According to the report, the shortages are forcing the Libyan authorities to import oil from Europe – €8.3 billion-worth in 2013 according to government figure – but almost half was being stolen by militias and shipped abroad.
“The smuggling has massively increased in the last two years in the security breakdown,” Dr Abdel-Salem Abdullah Nassia, economics professor at the University of Tripoli and a member of parliament, said. “There are no land or sea borders in Libya now. It’s completely out of control.”
The trade was costing the country nearly €4 billion annually, he said, as the government subsidises its imports for sale to the public.

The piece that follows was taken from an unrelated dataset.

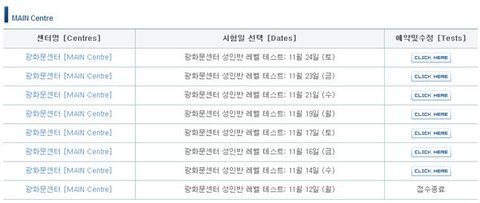 예를 들어 영국 문화원 어학원 광화문 센터에서 레벨 테스트를 받으시려면 ‘센터명 : 광화문 센터’로 바꾸시고 시험일은 본인이 편한 시간을 선택한 뒤 ‘CLICK HERE’ 버튼을 누르세요!

“The smuggling of subsided fuel is the reason for the economic collapse here,” Dr Nassia added.
The illegal trade flourished in the chaotic aftermath of the 2011 revolution that toppled dictator Muammar Gaddafi.
Coastal militiamen who control access to routes across the Mediterranean are making up to €3,000 a day selling Libyan petrol to Maltese smugglers, the newspaper claims, saying that the increasing number of poor and unemployed youths living in Libya’s port cities were joining in because “it’s easy, quick cash”.
Heavily-armed groups of ex-rebels, who fought against Gaddafi and are now on the government payroll, control the smuggling, with the deals made and the fuel exchanged at sea, outside the surveillance of Libyan and Maltese coastguards.
Omar al-Shakmak, the Libyan oil minister, sadi that since the revolution there has been a 20% jump in fuel usage. “There is no increase in population, no new projects. The only explanation is increased smuggling.”
Fuel smuggling from Libya was on the agenda during a meeting held earlier in July between the Libyan interior minister Saaleh Abdurraheem Maaziq and home affairs minister Manuel Mallia.
In June, the Libyan government said the smuggling to Malta was increasing, adding that it was a “threat” to Libya’s national security.